Monday, March 2, 2015

PART 7: JUDGE PARK SERIES: WILL JAKMIDES GET PARK REVERSED AGAIN?




On August 18, 2014, the Fifth District Court of Appeals:

  • on the appeal of Alliance attorney Jeff Jakmides (filed on behalf of one Barbara Lockheart)
  • that Judge Dixie Park of the Stark County Probate Court had violated the Constitutional (due process of law) rights of Lockheart which resulted in her spending some 10 harrowing days
    • in the Stark County jail
It could be that Jakmides may once again be on a track to have the Fifth District find that Judge Park has violated the due process of law rights of yet another Stark Countian.

On February 26th, Jakmides filed an appeal with the court from Judge Park rulings in the case In re:  ... Frank K. Bolog:


As a matter of formal legal pleadings, the appeal asserts that Judge Park:


In layman's language, the pleading asserts that Judge Park:
  1. Violated Ohio law in acting to appoint a guardian for putative ward Frank K. Bolog without having found that as a matter of law on the basis of clear and convincing evidence that Bolog is mentally impaired,
  2. Violated Ohio law in appointing an guardian for Bolog's personal/property interest decision making authority of a person (John R. Frank, appointed February 4, 2014) who never made a required Ohio Supreme Court prescribed application, and consequently:
  3. Bolog was denied his U.S. Constitutional rights of due process of law (notice and opportunity to be heard) rights.


If Jakmides is successful, Bolog will be the fourth in a string of cases within a year in which Park was either reversed on constitutional grounds (In re:  Finan and In re: Flohr) or remanded (by the Ohio Supreme Court) on the illegal issuance by a probate court judge of a search warrant.

The Report will not repeat the volumes that have already been written in this current series (who knows how long this is going to go on?), but here are links for those SCPR readers are not familiar with the details of what has gone on before:
The question that the SCPR raises is this:  When is enough enough?

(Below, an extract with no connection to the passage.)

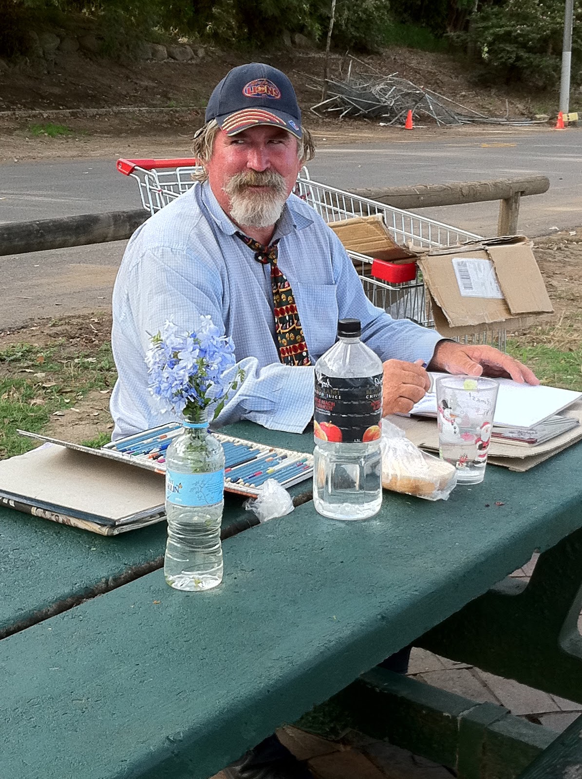 There he was, sketching away, on the riverbank, surrounded by flood carnage, his life's belongings neatly stacked in his shopping trolley and a little bottle of flowers elegantly displayed alongside his artist's tools. Some beauty amongst all the brown which was the flood. We got chatting about the flood, the view, his landscapes and the meaning of life.... as you do.

In several blogs of this series, The Report has said that Judge Park is obviously in over her head in terms of knowledge of the law or in judicial demeanor and should at her own initiative resign.

Of course, that is not going to happen.

The SCPR has learned that among Stark County judicial/legal establishment, Judge Park has very low regard in terms of her legal acumen.

However, elected official colleagues and lawyers who appear before her will talk "privately" with one another in derogation of her legal abilities, but none apparently have the courage to go face-to-face with Judge Park and join the SCPR in asking her to resign.

Currently, there is a trial going on in Cleveland involving Cleveland Municipal Court judge Angela Stokes (currently barred from hearing criminal cases) on whether or not Judge Stokes should lose her law license and therefore the ability to be an Ohio judge:

Excerpts from a February 26th Cleveland Plain Dealer piece on the trial:
The Ohio Supreme Court's Board of Professional Conduct appointed a three-member panel to hear the case, which is unfolding like a trial in a makeshift courtroom in the offices of the Cleveland Metropolitan Bar Association.
Joseph Caligiuri, the lead lawyer for the disciplinary counsel, described Stokes' treatment of people appearing in her courtroom as "downright despicable" and said that she led a "reign of terror" that disrupted the entire court. He said people who enter her courtroom walk into a "different universe."
Among the allegations made by local lawyers and others against Judge Park in addition to the higher court reversals/remands as linked to above, include charges that she favors certain lawyers over others and has had a difficult relationship with court employees.

Local attorney Craig T. Conley has made "no bones about it," he wants Park gone and gone yesterday.

While ethical rules will not allow lawyers who have filed disciplinary complaints to make having done so public, the SCPR has reason to believe that complaints have been filed against Judge Park.

Should any of "thought-to-have-been-filed" complaints mature into charges being filed by Disciplinary Counsel against Park, the SCPR thinks Stark Countians can expect a similar scene that is going on in Cleveland to materialize in Stark County.

It hasn't been that long since there was a resolution of difficulties that came out of troubles that plagued the Stark County treasurer's office during the period April 1, 2009 through the end of October, 2011.

And, of course, there is the George T. Maier qualifying to be sheriff saga that dragged out from February 5, 2013 through the November election of 2014. 

Could it be that Stark County will once again be the focus of all Ohio as the Judge Dixie Park saga unfolds?